Work instruction:
The line with "高校生による学習サポート" marks the start; please set it down along with all later lines through the end of the material, exactly, leaving out pictures.

***

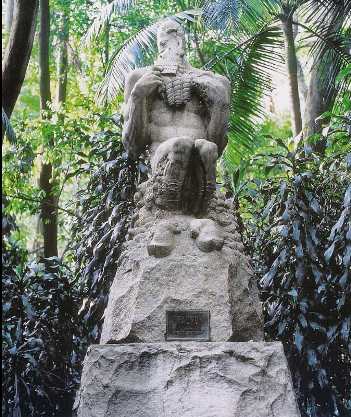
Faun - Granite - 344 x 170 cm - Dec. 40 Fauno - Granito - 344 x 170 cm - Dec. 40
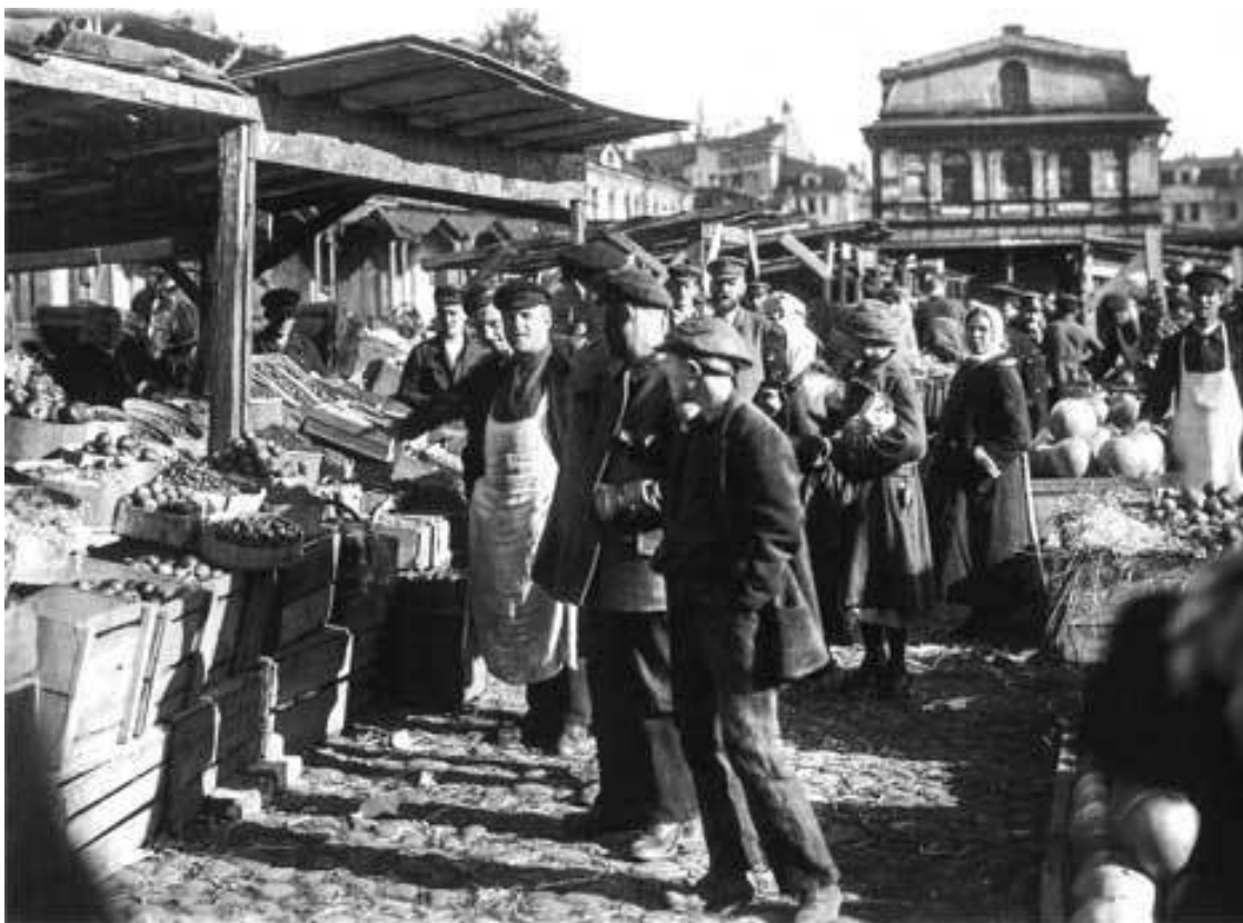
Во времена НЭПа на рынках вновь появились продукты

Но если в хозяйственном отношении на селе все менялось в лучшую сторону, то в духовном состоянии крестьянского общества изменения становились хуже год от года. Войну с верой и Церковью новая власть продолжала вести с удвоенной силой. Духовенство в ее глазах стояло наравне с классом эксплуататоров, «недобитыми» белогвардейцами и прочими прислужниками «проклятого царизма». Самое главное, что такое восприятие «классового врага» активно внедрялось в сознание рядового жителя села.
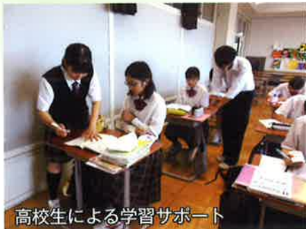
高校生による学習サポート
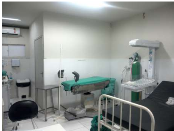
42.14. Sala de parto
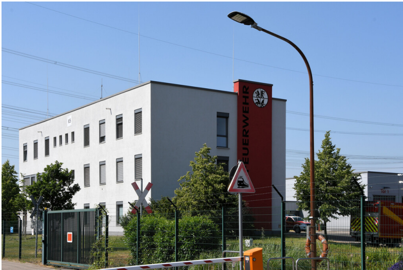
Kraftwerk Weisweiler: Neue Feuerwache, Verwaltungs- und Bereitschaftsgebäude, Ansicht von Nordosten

***

Completed task:
高校生による学習サポート
42.14. Sala de parto
Kraftwerk Weisweiler: Neue Feuerwache, Verwaltungs- und Bereitschaftsgebäude, Ansicht von Nordosten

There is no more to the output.